Records from a data source
● ● ● ● ●

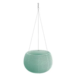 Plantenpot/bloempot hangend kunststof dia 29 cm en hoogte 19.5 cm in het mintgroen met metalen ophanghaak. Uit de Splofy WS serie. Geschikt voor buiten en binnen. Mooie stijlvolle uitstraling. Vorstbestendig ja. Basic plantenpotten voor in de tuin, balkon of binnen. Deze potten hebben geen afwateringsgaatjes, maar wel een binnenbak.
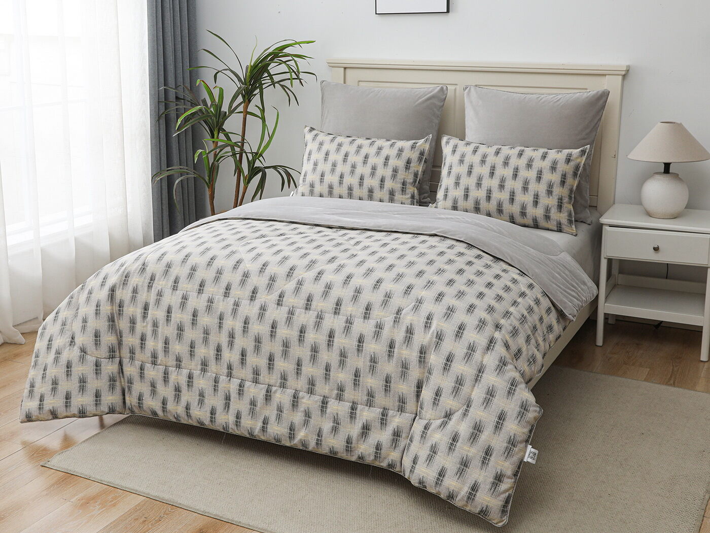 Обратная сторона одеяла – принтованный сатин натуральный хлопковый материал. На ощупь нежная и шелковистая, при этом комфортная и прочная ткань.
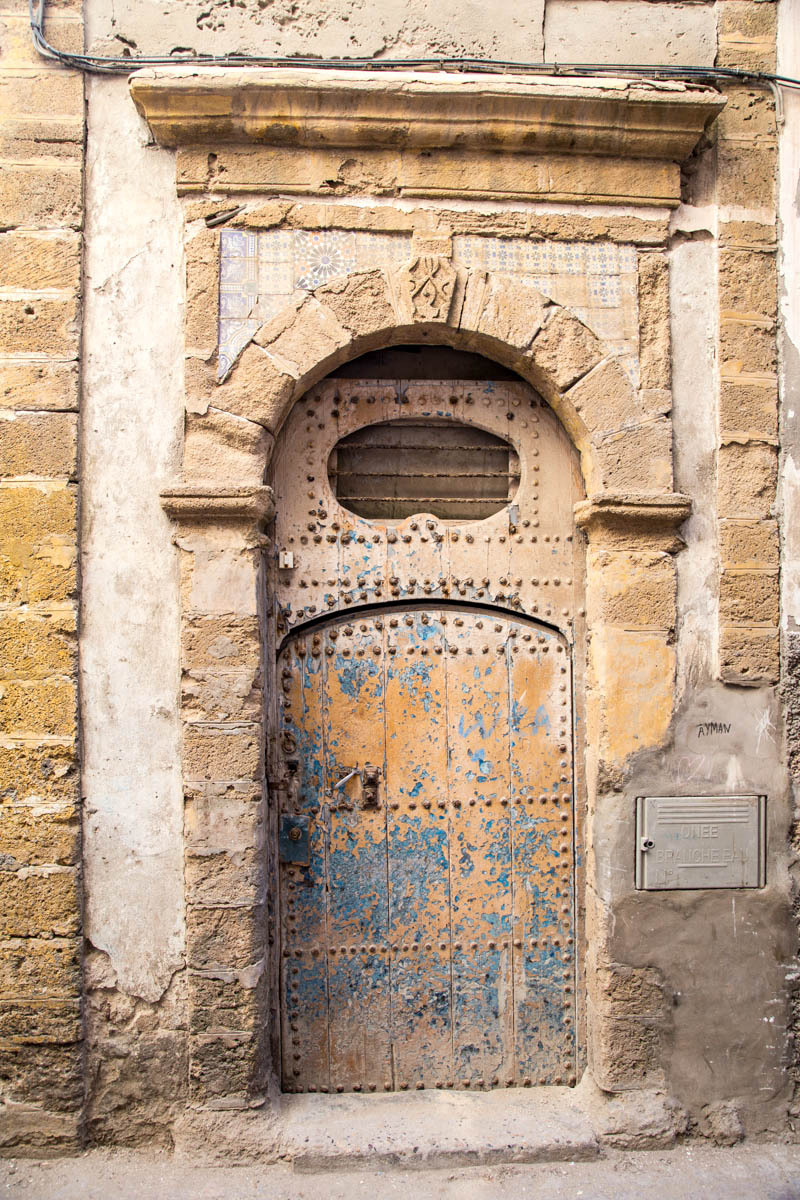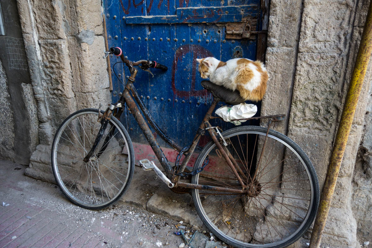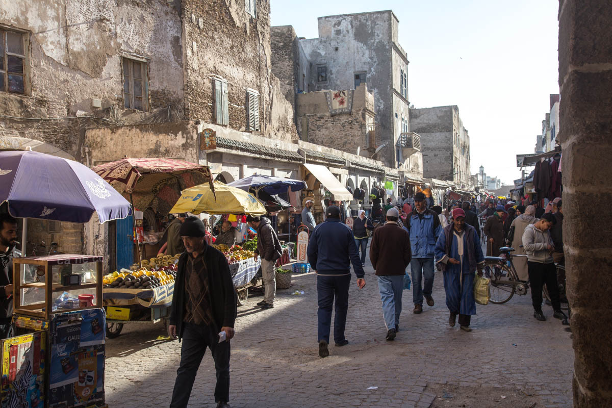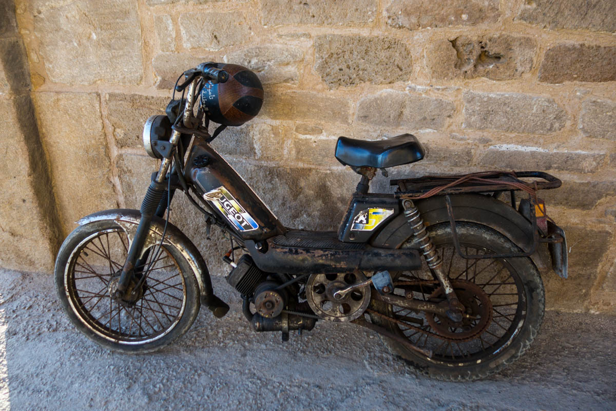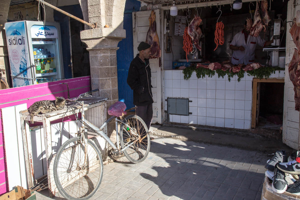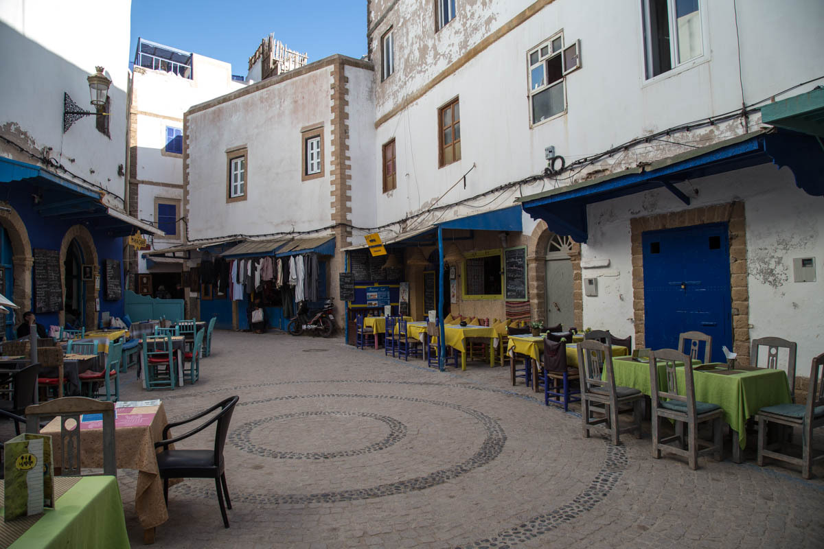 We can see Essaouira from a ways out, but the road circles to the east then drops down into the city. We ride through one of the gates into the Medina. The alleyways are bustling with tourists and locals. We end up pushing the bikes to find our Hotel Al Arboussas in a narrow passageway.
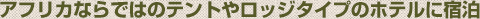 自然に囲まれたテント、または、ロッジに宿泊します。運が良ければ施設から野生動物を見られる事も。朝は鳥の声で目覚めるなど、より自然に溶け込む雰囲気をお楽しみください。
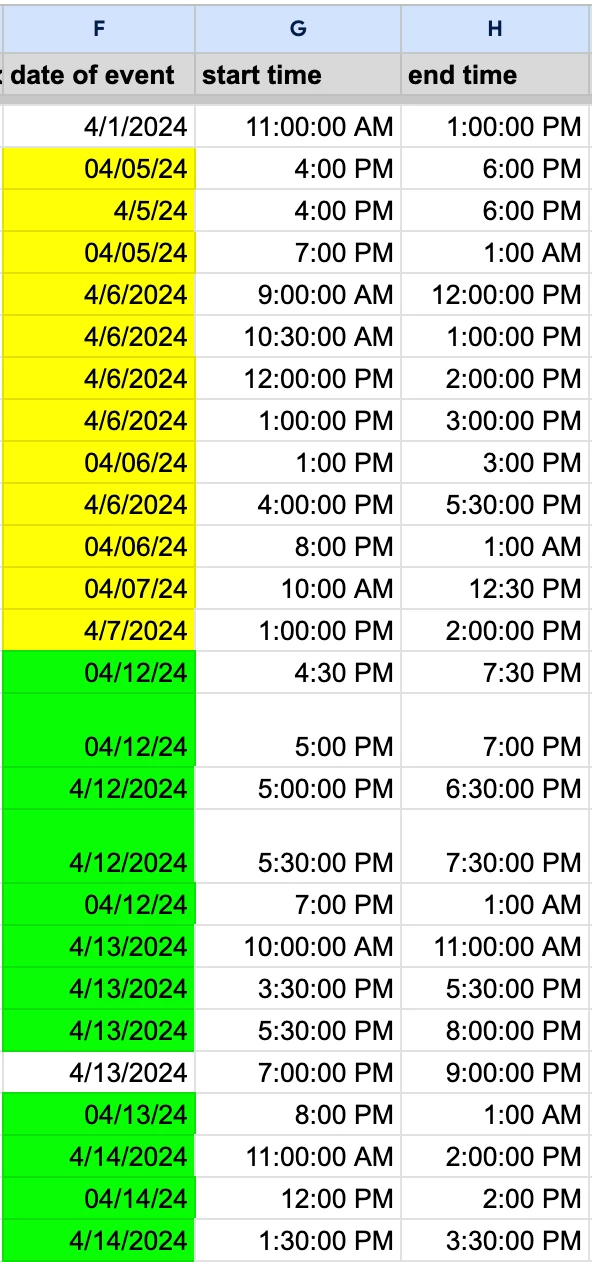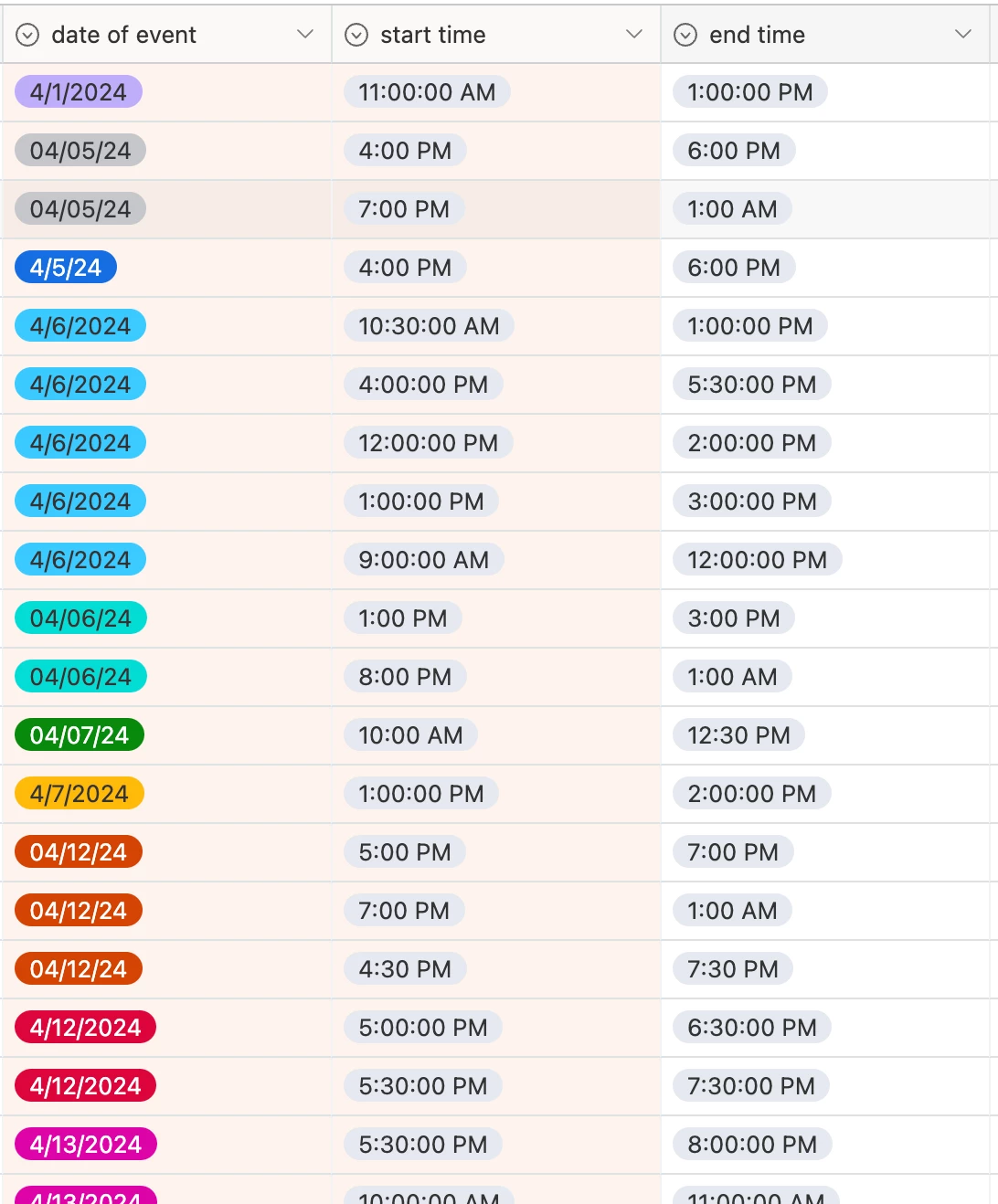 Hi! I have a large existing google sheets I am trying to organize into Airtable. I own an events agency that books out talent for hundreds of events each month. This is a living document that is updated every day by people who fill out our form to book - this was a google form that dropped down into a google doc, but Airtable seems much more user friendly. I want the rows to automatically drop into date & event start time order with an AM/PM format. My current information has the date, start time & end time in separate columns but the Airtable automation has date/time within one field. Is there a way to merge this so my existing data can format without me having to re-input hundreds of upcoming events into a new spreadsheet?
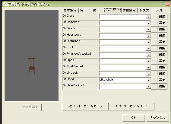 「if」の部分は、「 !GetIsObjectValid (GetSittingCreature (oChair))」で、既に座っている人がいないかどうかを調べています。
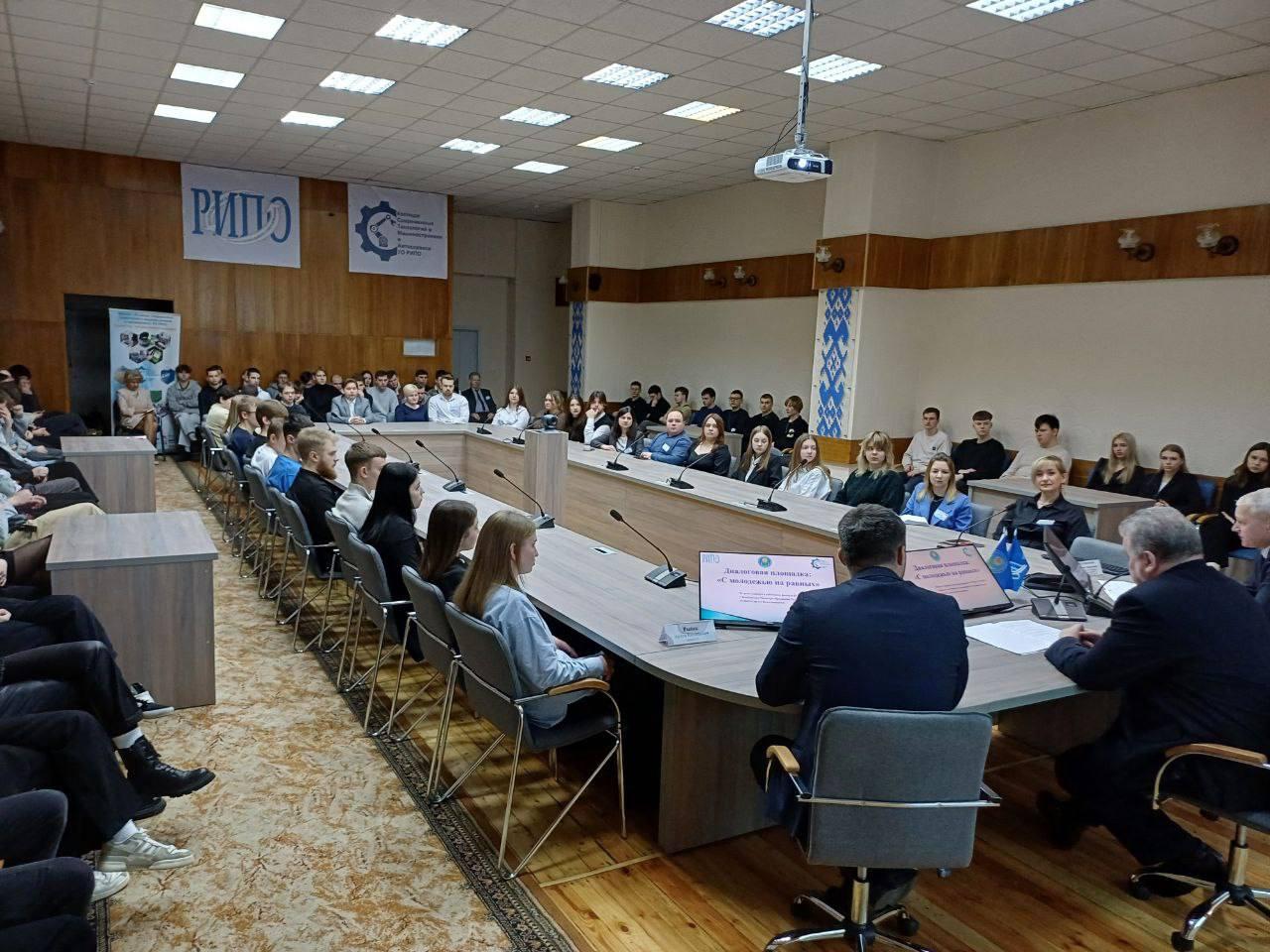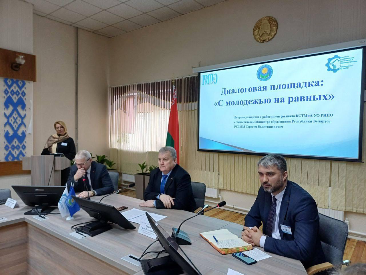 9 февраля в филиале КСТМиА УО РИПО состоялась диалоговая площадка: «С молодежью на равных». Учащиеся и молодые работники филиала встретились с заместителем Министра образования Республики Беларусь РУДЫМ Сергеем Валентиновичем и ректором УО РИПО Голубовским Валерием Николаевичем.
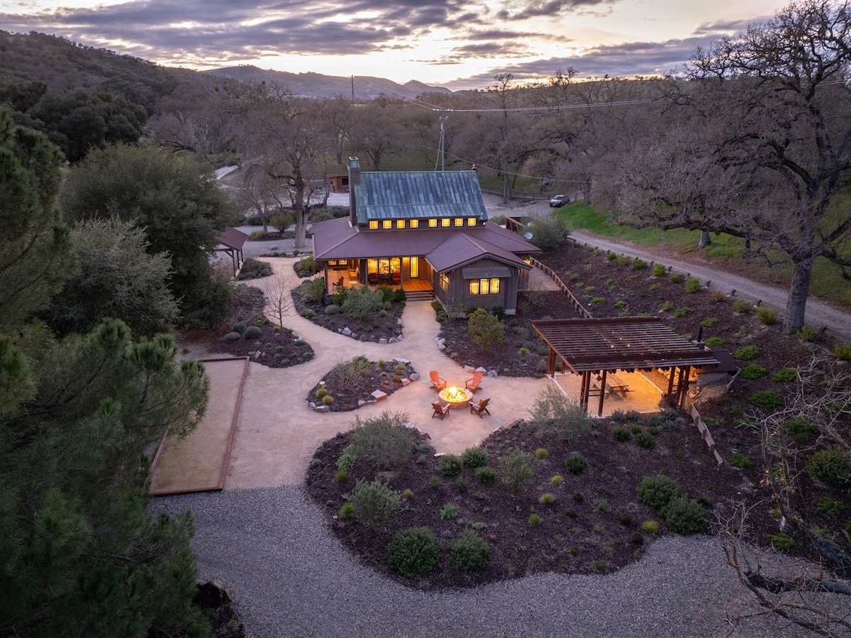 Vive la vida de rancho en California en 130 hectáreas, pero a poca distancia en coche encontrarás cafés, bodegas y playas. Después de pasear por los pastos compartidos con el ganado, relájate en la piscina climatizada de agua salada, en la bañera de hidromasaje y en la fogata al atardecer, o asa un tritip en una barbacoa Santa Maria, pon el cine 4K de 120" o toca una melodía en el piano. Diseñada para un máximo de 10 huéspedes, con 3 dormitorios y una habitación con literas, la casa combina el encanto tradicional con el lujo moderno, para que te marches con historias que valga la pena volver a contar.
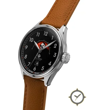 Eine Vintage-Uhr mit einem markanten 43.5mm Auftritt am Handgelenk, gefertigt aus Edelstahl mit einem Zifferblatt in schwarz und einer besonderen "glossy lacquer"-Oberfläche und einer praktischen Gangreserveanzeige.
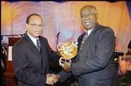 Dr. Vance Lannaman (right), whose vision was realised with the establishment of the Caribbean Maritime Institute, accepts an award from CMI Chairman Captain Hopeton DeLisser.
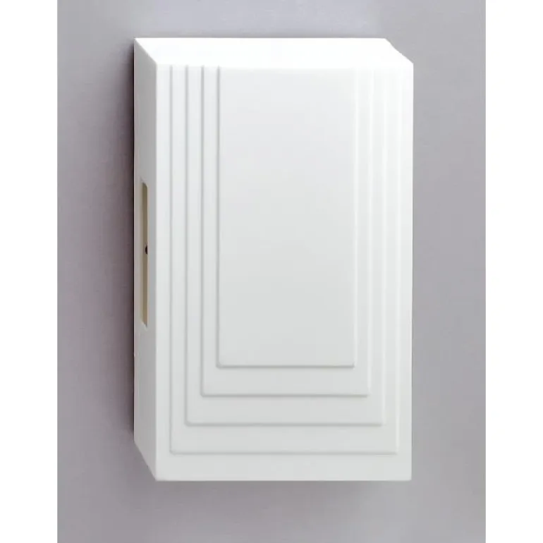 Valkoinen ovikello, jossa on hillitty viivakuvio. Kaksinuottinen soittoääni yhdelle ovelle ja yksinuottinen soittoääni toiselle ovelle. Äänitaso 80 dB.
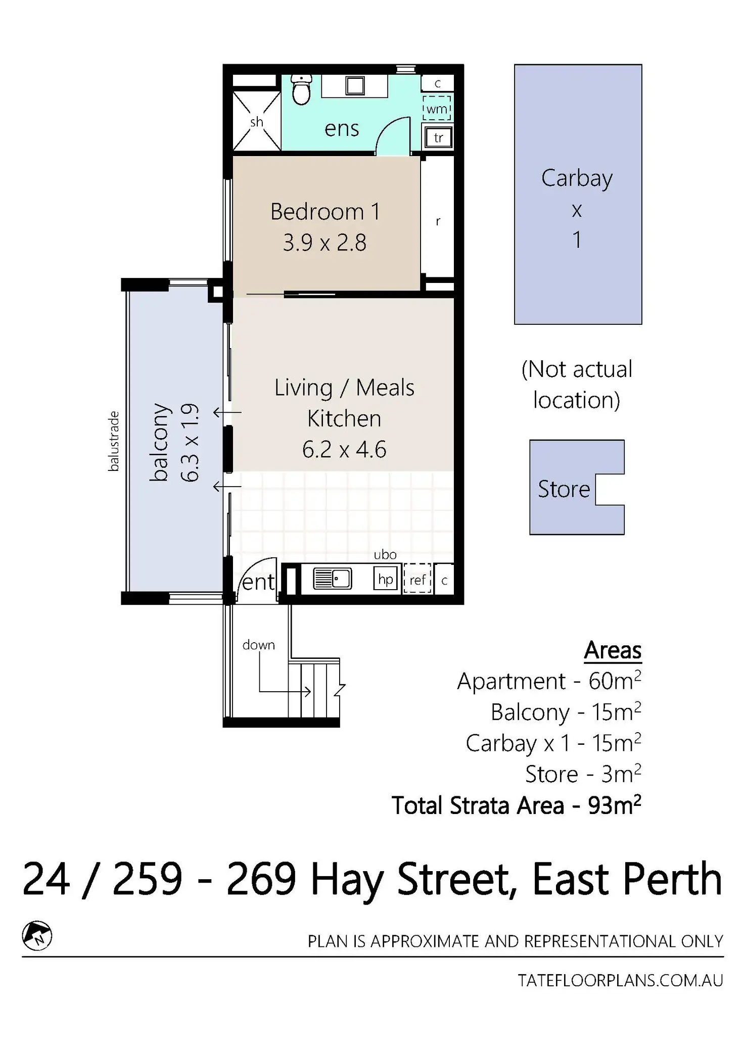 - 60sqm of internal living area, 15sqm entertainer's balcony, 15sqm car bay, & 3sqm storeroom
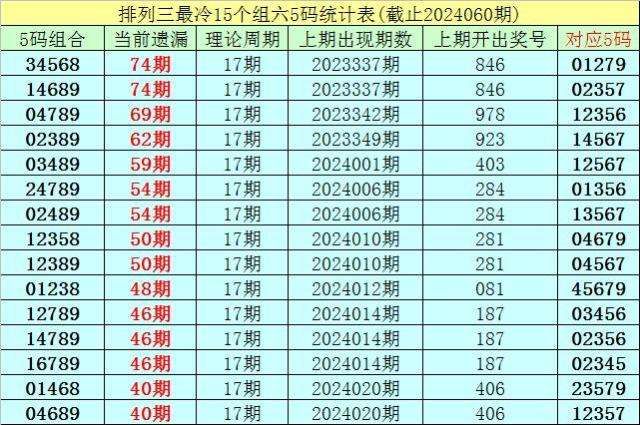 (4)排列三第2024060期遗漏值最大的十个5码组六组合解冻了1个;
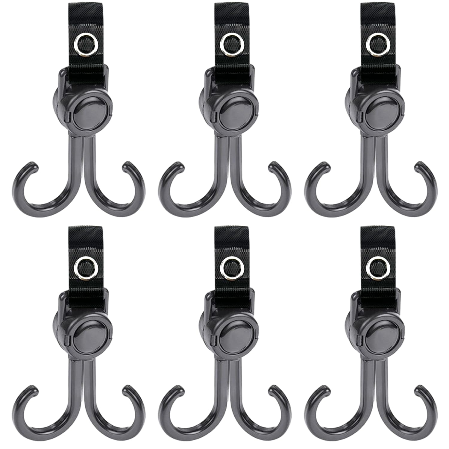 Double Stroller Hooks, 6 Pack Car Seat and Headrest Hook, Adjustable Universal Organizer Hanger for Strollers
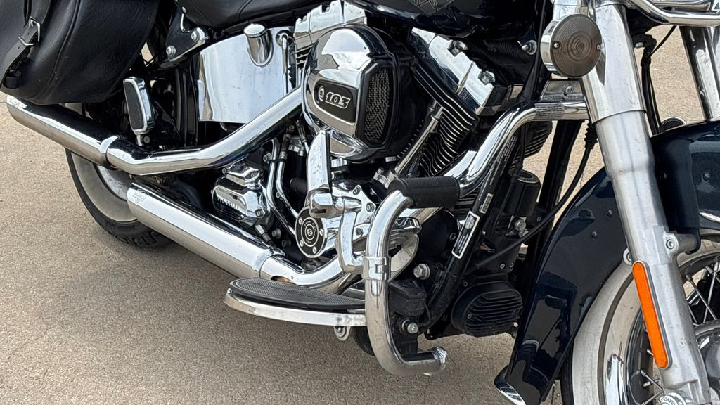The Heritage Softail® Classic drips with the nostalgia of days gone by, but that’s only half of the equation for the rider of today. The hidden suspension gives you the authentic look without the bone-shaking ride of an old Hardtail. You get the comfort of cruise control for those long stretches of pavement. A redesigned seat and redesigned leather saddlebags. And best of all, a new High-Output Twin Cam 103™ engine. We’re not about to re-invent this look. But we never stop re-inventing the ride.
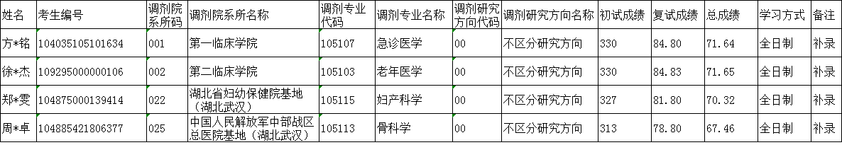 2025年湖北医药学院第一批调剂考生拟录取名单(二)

● ● ● ● ●

#### [Activity]
Starting at the line above that holds "Обратная сторона одеяла", return each line up to and including the one that holds "9 февраля в", exactly as written, minus any pictures.

#### [Answer]
 Обратная сторона одеяла – принтованный сатин натуральный хлопковый материал. На ощупь нежная и шелковистая, при этом комфортная и прочная ткань.
 We can see Essaouira from a ways out, but the road circles to the east then drops down into the city. We ride through one of the gates into the Medina. The alleyways are bustling with tourists and locals. We end up pushing the bikes to find our Hotel Al Arboussas in a narrow passageway.
 自然に囲まれたテント、または、ロッジに宿泊します。運が良ければ施設から野生動物を見られる事も。朝は鳥の声で目覚めるなど、より自然に溶け込む雰囲気をお楽しみください。
 Hi! I have a large existing google sheets I am trying to organize into Airtable. I own an events agency that books out talent for hundreds of events each month. This is a living document that is updated every day by people who fill out our form to book - this was a google form that dropped down into a google doc, but Airtable seems much more user friendly. I want the rows to automatically drop into date & event start time order with an AM/PM format. My current information has the date, start time & end time in separate columns but the Airtable automation has date/time within one field. Is there a way to merge this so my existing data can format without me having to re-input hundreds of upcoming events into a new spreadsheet?
 「if」の部分は、「 !GetIsObjectValid (GetSittingCreature (oChair))」で、既に座っている人がいないかどうかを調べています。
 9 февраля в филиале КСТМиА УО РИПО состоялась диалоговая площадка: «С молодежью на равных». Учащиеся и молодые работники филиала встретились с заместителем Министра образования Республики Беларусь РУДЫМ Сергеем Валентиновичем и ректором УО РИПО Голубовским Валерием Николаевичем.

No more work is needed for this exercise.